## TASK BRIEF
Output exactly the lines below, starting with the line that has "Bow View of" and going on through the line that has "で設定した条件に従い、受注デ", both included, and no other lines.

## SUPPLIED RECORDS

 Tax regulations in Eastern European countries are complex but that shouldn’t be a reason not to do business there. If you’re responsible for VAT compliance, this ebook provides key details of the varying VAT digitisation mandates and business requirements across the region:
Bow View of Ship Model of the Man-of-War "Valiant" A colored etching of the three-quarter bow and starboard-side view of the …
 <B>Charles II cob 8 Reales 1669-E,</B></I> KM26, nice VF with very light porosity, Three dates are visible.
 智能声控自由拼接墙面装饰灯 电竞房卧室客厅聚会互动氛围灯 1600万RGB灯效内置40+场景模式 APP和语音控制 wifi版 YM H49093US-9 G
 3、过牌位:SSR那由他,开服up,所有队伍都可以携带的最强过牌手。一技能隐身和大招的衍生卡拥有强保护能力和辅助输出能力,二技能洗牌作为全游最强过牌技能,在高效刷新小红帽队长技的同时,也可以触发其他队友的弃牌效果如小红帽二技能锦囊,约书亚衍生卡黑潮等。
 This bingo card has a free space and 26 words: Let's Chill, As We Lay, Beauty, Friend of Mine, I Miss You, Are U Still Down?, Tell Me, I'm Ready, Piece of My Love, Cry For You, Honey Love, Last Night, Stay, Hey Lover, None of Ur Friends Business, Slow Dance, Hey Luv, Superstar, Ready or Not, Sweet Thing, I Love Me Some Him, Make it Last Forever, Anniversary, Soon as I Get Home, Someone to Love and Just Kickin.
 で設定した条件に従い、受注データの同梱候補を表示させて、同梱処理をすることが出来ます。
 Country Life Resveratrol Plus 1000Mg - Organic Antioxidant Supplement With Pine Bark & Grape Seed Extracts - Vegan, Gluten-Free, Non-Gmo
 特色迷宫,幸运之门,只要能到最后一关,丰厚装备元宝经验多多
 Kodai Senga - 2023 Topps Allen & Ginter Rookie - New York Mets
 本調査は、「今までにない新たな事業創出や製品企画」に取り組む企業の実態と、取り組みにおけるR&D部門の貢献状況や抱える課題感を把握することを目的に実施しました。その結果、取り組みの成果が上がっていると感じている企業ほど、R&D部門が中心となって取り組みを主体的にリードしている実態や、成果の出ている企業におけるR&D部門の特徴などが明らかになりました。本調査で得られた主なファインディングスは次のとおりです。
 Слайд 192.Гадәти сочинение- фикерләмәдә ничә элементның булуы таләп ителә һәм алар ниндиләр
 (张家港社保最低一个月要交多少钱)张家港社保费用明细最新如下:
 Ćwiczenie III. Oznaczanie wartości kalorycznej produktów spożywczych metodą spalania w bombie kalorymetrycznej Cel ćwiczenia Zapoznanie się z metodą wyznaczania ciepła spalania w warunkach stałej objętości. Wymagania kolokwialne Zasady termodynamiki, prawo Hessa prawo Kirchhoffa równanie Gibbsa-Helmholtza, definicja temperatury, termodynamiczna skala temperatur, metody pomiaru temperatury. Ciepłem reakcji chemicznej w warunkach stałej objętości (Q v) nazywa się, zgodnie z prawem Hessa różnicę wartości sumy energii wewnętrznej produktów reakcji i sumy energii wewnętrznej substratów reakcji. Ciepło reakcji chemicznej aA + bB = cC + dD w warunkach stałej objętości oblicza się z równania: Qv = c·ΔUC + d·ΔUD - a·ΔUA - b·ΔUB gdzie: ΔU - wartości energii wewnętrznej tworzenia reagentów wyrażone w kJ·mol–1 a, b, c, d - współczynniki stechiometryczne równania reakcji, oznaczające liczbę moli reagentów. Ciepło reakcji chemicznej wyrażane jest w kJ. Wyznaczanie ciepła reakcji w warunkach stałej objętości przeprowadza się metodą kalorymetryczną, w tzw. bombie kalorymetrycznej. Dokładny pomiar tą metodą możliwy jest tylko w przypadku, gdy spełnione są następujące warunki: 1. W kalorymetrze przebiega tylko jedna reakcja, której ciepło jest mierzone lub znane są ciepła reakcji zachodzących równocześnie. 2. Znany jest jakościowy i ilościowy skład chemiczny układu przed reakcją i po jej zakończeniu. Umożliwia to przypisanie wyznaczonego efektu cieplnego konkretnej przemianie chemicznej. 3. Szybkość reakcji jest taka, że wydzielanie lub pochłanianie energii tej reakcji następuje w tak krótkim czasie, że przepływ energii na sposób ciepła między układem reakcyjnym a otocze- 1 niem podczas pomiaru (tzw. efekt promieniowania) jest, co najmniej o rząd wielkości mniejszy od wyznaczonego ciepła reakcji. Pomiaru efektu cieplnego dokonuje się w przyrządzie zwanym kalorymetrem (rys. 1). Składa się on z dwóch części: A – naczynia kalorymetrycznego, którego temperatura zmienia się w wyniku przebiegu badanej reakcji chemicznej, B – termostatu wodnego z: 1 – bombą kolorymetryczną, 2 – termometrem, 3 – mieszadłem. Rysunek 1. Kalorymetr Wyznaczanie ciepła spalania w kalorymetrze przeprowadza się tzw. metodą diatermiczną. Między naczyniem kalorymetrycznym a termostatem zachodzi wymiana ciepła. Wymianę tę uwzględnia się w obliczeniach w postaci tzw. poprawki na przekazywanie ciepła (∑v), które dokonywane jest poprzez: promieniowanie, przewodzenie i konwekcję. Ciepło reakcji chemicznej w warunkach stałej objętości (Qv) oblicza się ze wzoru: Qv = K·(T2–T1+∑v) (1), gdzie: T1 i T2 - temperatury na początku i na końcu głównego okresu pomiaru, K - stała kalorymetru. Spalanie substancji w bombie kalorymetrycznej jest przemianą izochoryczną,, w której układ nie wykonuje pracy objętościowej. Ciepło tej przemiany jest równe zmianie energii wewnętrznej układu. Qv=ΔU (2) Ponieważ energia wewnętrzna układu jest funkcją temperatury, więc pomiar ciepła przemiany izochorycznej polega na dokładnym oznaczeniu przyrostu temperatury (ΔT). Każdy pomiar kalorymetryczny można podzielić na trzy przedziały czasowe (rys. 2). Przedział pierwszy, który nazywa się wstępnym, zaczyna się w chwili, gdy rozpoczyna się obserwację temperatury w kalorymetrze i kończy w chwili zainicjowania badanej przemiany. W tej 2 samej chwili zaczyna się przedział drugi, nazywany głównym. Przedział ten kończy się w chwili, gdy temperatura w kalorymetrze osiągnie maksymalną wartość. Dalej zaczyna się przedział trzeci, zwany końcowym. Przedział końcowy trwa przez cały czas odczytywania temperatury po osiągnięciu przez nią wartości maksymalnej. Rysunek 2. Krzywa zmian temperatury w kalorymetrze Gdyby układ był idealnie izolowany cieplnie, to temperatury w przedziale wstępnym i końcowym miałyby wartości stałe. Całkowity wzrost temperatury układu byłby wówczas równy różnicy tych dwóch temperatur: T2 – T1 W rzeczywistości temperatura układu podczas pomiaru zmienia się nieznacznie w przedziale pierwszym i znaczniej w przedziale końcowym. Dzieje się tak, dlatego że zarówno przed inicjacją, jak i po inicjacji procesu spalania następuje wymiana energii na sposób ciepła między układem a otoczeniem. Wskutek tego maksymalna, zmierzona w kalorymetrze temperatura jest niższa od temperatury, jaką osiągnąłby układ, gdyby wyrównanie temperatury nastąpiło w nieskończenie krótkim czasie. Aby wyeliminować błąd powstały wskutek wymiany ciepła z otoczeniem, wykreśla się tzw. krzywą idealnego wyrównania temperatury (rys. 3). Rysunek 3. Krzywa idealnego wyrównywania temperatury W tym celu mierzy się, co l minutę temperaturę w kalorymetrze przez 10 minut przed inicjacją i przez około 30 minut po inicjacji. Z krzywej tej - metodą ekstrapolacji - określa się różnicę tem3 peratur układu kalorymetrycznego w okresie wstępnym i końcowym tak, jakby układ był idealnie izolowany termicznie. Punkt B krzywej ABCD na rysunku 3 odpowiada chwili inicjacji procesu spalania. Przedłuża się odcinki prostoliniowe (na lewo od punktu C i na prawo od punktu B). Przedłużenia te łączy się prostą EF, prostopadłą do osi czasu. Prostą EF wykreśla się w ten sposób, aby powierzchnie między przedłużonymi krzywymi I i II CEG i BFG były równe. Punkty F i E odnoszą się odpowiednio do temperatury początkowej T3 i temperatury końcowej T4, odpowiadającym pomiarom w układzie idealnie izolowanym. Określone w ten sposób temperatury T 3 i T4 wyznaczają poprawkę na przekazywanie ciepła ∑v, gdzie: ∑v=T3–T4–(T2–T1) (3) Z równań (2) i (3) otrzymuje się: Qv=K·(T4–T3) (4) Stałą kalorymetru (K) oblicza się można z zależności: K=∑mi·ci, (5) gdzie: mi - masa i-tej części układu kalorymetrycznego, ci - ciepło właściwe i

## OUTPUT FOR THIS TASK
Bow View of Ship Model of the Man-of-War "Valiant" A colored etching of the three-quarter bow and starboard-side view of the …
 <B>Charles II cob 8 Reales 1669-E,</B></I> KM26, nice VF with very light porosity, Three dates are visible.
 智能声控自由拼接墙面装饰灯 电竞房卧室客厅聚会互动氛围灯 1600万RGB灯效内置40+场景模式 APP和语音控制 wifi版 YM H49093US-9 G
 3、过牌位:SSR那由他,开服up,所有队伍都可以携带的最强过牌手。一技能隐身和大招的衍生卡拥有强保护能力和辅助输出能力,二技能洗牌作为全游最强过牌技能,在高效刷新小红帽队长技的同时,也可以触发其他队友的弃牌效果如小红帽二技能锦囊,约书亚衍生卡黑潮等。
 This bingo card has a free space and 26 words: Let's Chill, As We Lay, Beauty, Friend of Mine, I Miss You, Are U Still Down?, Tell Me, I'm Ready, Piece of My Love, Cry For You, Honey Love, Last Night, Stay, Hey Lover, None of Ur Friends Business, Slow Dance, Hey Luv, Superstar, Ready or Not, Sweet Thing, I Love Me Some Him, Make it Last Forever, Anniversary, Soon as I Get Home, Someone to Love and Just Kickin.
 で設定した条件に従い、受注データの同梱候補を表示させて、同梱処理をすることが出来ます。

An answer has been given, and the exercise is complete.